There were 157 households, out of which 31.8% had children under the age of 18 living with them, 54.8% were married couples living together, 7.0% had a female householder with no husband present, and 33.1% were non-families. 31.8% of all households were made up of individuals, and 16.6% had someone living alone who was 65 years of age or older. The average household size was 2.34 and the average family size was 2.93.

In the town, the population was spread out, with 27.8% under the age of 18, 10.4% from 18 to 24, 27.0% from 25 to 44, 16.6% from 45 to 64, and 18.3% who were 65 years of age or older. The median age was 35 years. For every 100 females, there were 106.2 males. For every 100 females age 18 and over, there were 99.2 males.

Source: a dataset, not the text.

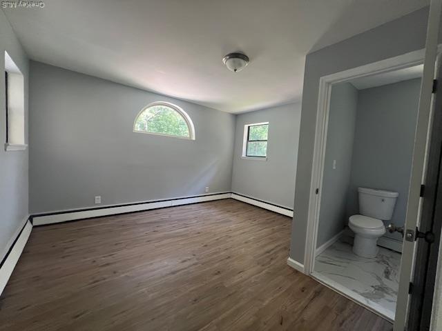 - Unfurnished bedroom featuring baseboard heating, wood finished floors, and a closet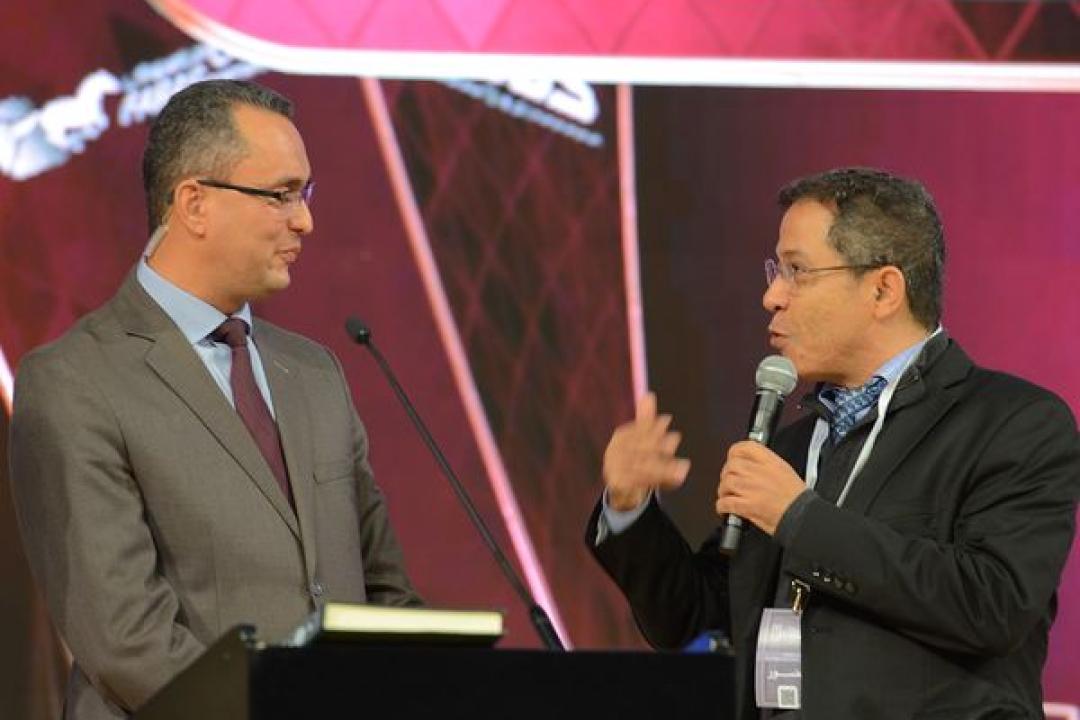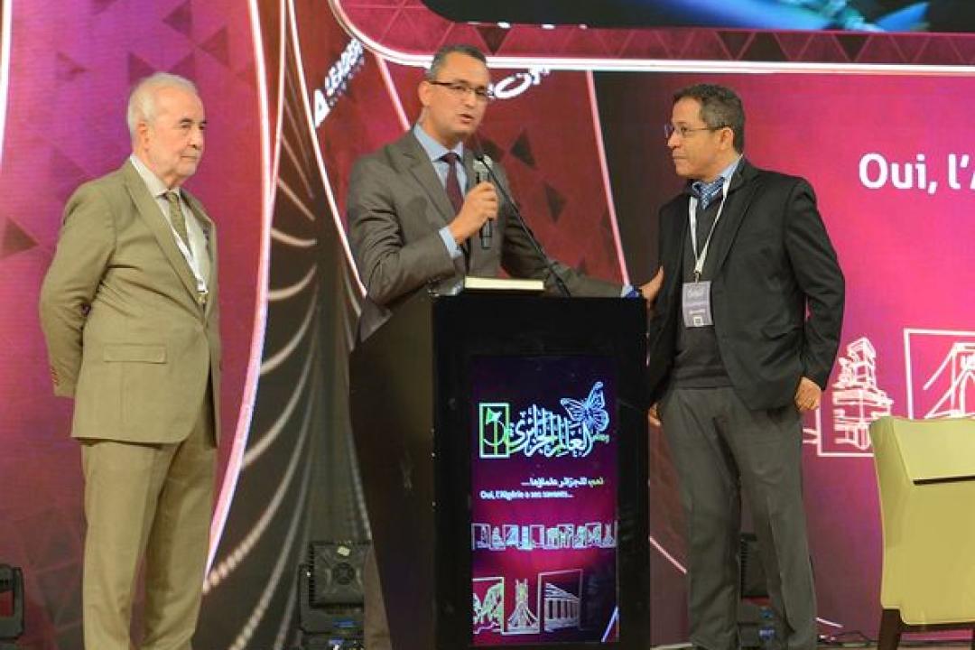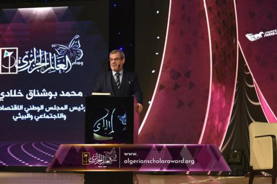 كلمة السيد محمد بوشناق خلادي، رئيس المجلس الوطني الاقتصادي والاجتماعي مشيدا بجهود القائمين على مؤسسة وسام العالم الجزائري. President of the National

The median income for a household in the town was $39,688, and the median income for a family was $43,958. Males had a median income of $29,583 versus $19,583 for females. The per capita income for the town was $23,169. About 1.9% of families and 5.1% of the population were below the poverty line, including 7.3% of those under age 18 and 7.8% of those age 65 or over.

==Education==
It is in the Hamlin School District 28-3. The local PK-12 school facility is the Hamlin Education Center, which includes Hamlin Elementary School, Hamlin Middle School, and Hamlin High School, located 4 mi west of the Hayti city limits. The former Hamlin School, located in the municipal limits of Hayti, is used for athletic purposes, specifically its American football field and its track field.

==Notable people==
- Garney Henley - Canadian Football Hall of Fame Wide receiver and defensive back, was born here.
- Kristi Noem - The 8th United States Secretary of Homeland Security. She graduated from Hamlin High School, a part of the Hamlin Education Center, the K-12 school facility near Hayti.